# Rob + Rob =4 flathead



## katfish (Apr 7, 2004)

Justcrazy fished across the bay from us last night.
He hooked 3 and landed 2. I hooked 2 landed 2.
We both released smaller flathead after landing them but kept 
a couple for pix.










Woody returned to flathead fishing and although he wasn't allowed to
swim he did get in a little flathead lickin










All flathead were released after weights and photos.

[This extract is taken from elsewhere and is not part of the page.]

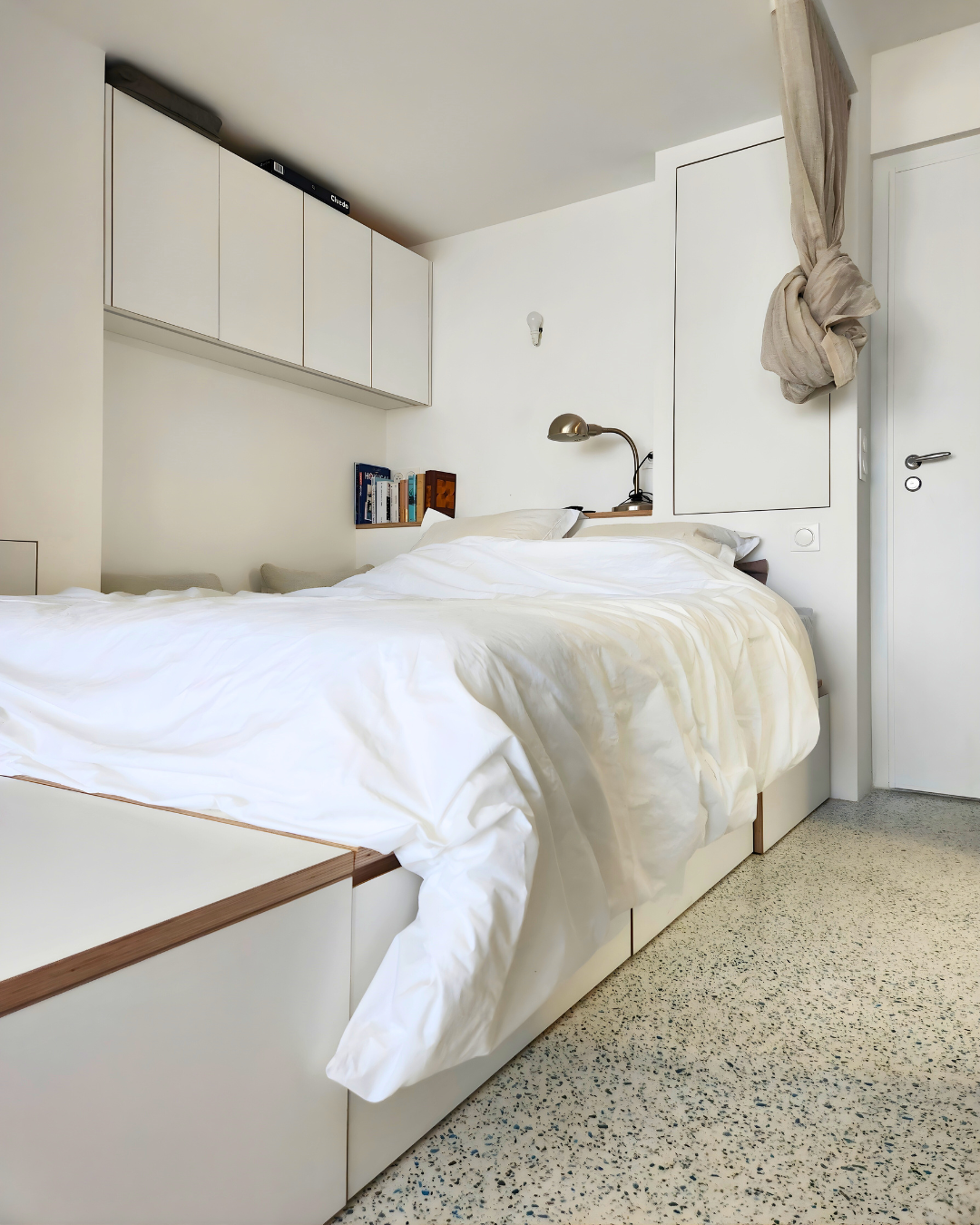 Création d’un ensemble de couchage multifonctions conçu pour optimiser le mieux l’espace. Ce lit estrade sur mesure intègre de large tiroirs de rangement en partie basse, libérant ainsi de l’espace au sol. L’agencement est complété par des placards suspendus et une petite niche au niveau de la tête de lit. Le choix du blanc associé aux chants en bois apporte plus de luminosité à cet agencement.

Hopefully with 5 bites and 4 flathead landed we can look forward to some good flathead fishing.


----------



## catfishhunterjames (Mar 29, 2010)

what u catch them on just wondering


----------



## bigcatjoe (Sep 6, 2006)

nice fish guys


----------



## JUSTCRAZY (Apr 6, 2004)

Right now most fish are coming on goldfish in the lakes because they stay alive better than most other baits. But if you want to change baits during the night, anything that will fit in a flatheads mouth can be used as bait!

Rob


----------



## smoothkip25 (Nov 17, 2008)

Glad its starting to pick up for you guys! Shouldnt be long now and them big boys will be on fire!!


----------



## Chuck P. (Apr 8, 2004)

Nice catches....What were the weights Robbie?


----------



## Fisherman 3234 (Sep 8, 2008)

Awesome fish fellas!


----------



## M.Magis (Apr 5, 2004)

Glad Woody's getting back out. Also glad no one has broken an ankle there yet.  I suspect it'll happen... about the time I get to fish again.


----------



## Catman63 (Aug 25, 2008)

Congrats on the nice fish guys. Been waiting for the bite to pick up!


----------